[Items from a dataset]
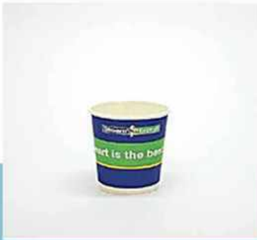
UCH 06 OZ
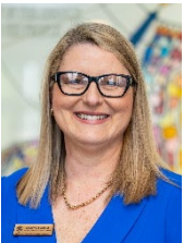
Assistant Principal Staffing
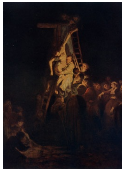
THE DESCENT FROM THE
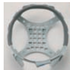
Type N For Bump cap
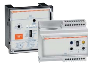
Earth leakage relays
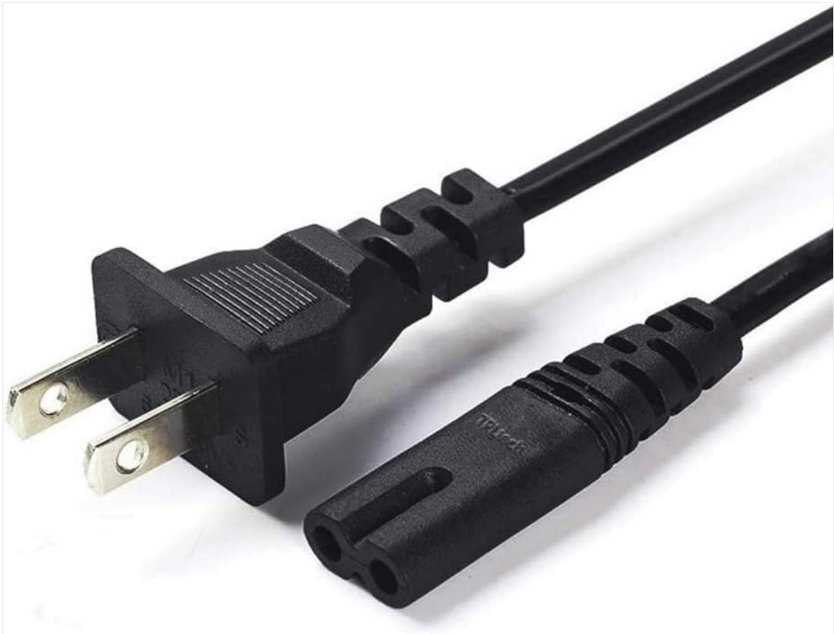
Image: Close-up of the power cord's connectors, illustrating the US 2-prong plug and the C7 connector for proper identification during setup.

Once both ends are securely connected, your projector should receive power and be ready for operation or charging.
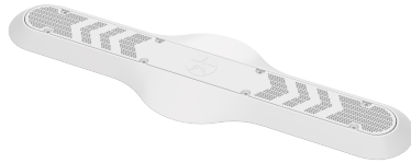
FIGURE 1 – SOFA MODEL & FLOW PATH
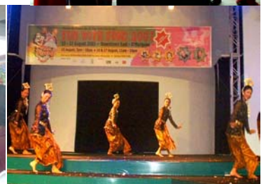
Fun with Food @ Downtown East—Marque (17 Aug 2003)

SRI WARISAN SOM SAID PERFORMING ARTS LTD
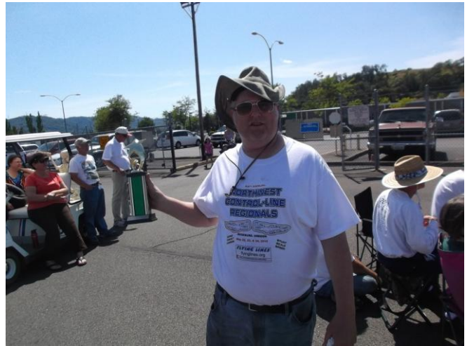
And there were trophies.
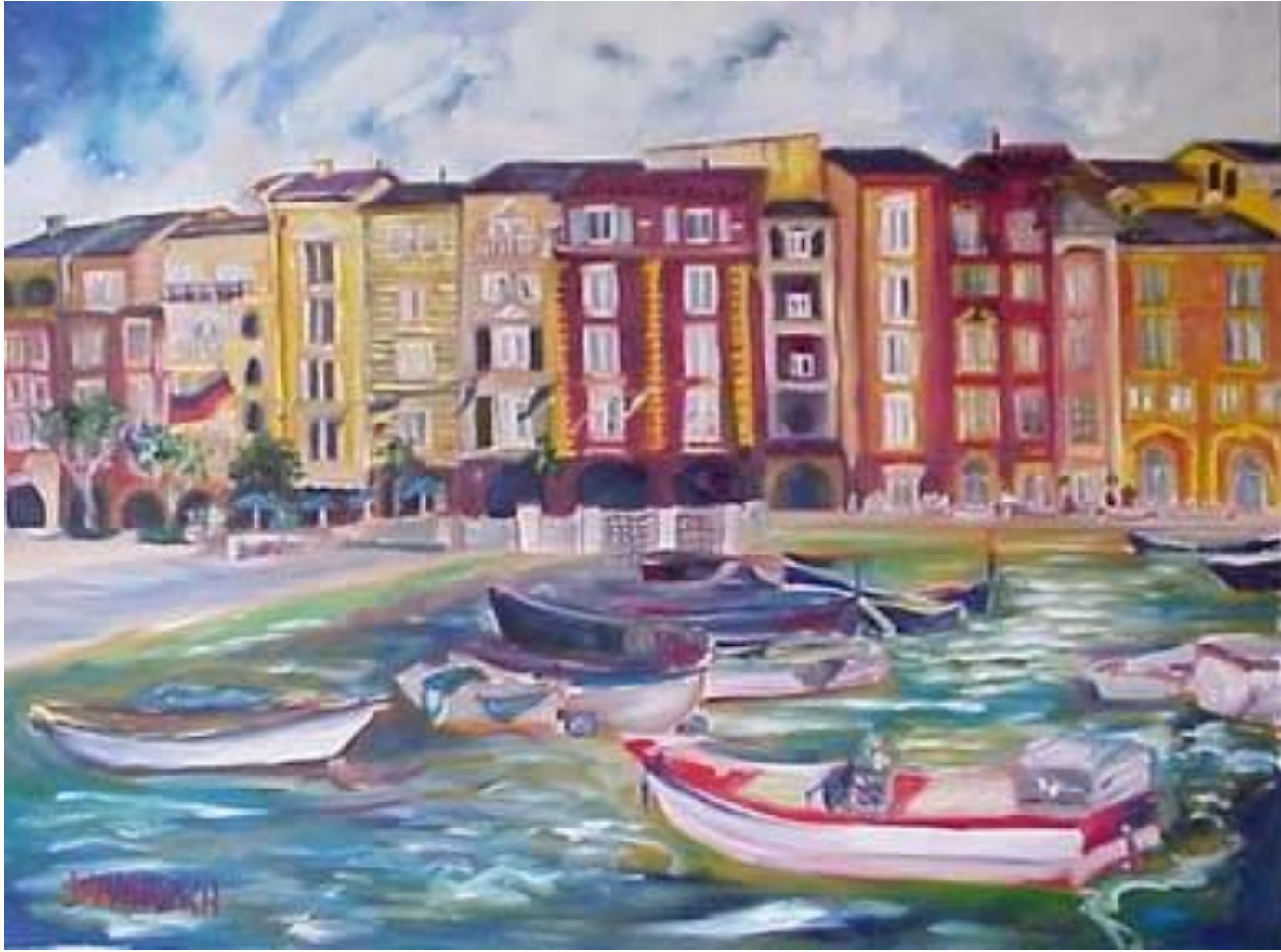
Paris Simile by Dana Roach
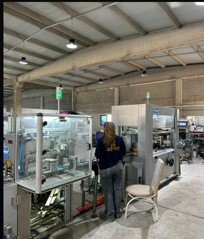
German Packaging Line — Live
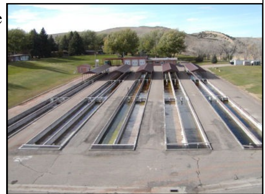
Dan Speas Fish Rearing Station
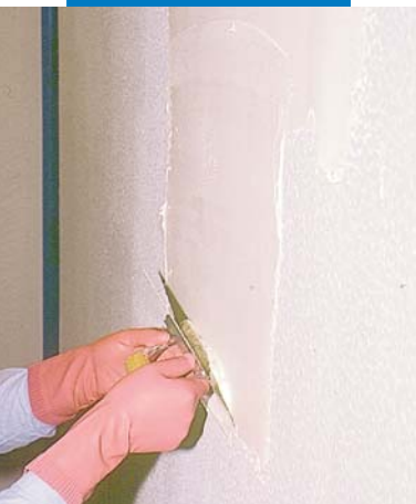
Spreading a coat of adhesive on Mapegum WPS
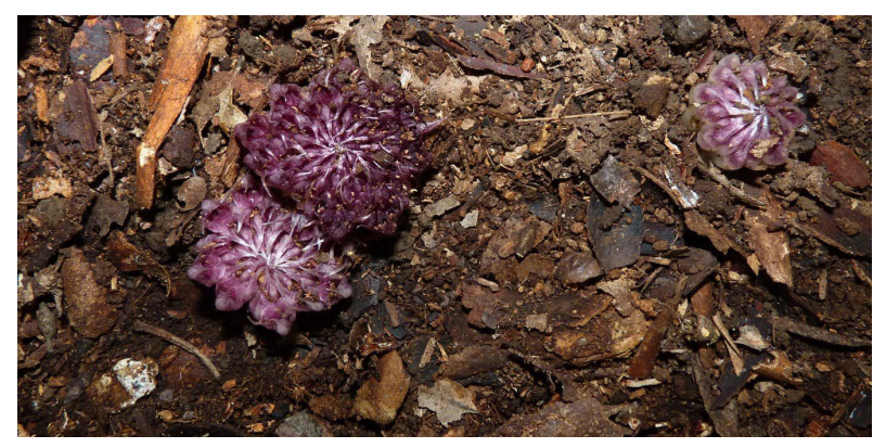
Rhizanthella speciosa from Barrington Tops. Credit: Mark Clements

We've seen accounts of underground orchids before, but this is from down under. You can find it at the following url: <a href="https://phys.org/news/2020-12-life-mars-underground-orchid-australia.html">https://phys.org/news/2020-12-life-mars-underground-orchid-australia.html</a>. Who knew bandicoots were important to orchid propagation?
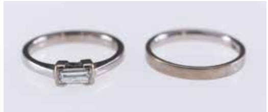
654 A white gold ring set with a baguette form diamond, in 18ct, hallmark for Edinburgh 2005 and a matching wedding band, ring size I-J
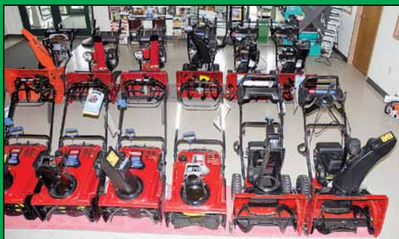
Stutheit Implement has Toro and Honda Snow Blowers.

See more new and used equipment at www.stutheitimpl.com
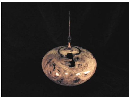
Container - Larry Stevenson - Lombardy Poplar - 6in x 5in - Lacquer
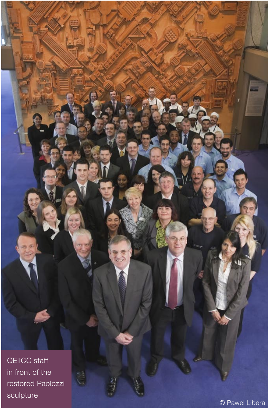
QEIICC staff in front of the restored Paolozzi sculpture
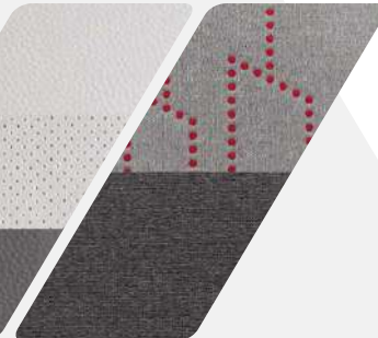
Gray Two-tone Leather

Task details: Go through the records and work out how many lines contain the string "power". The answer should be that number alone.

Response to the task: 2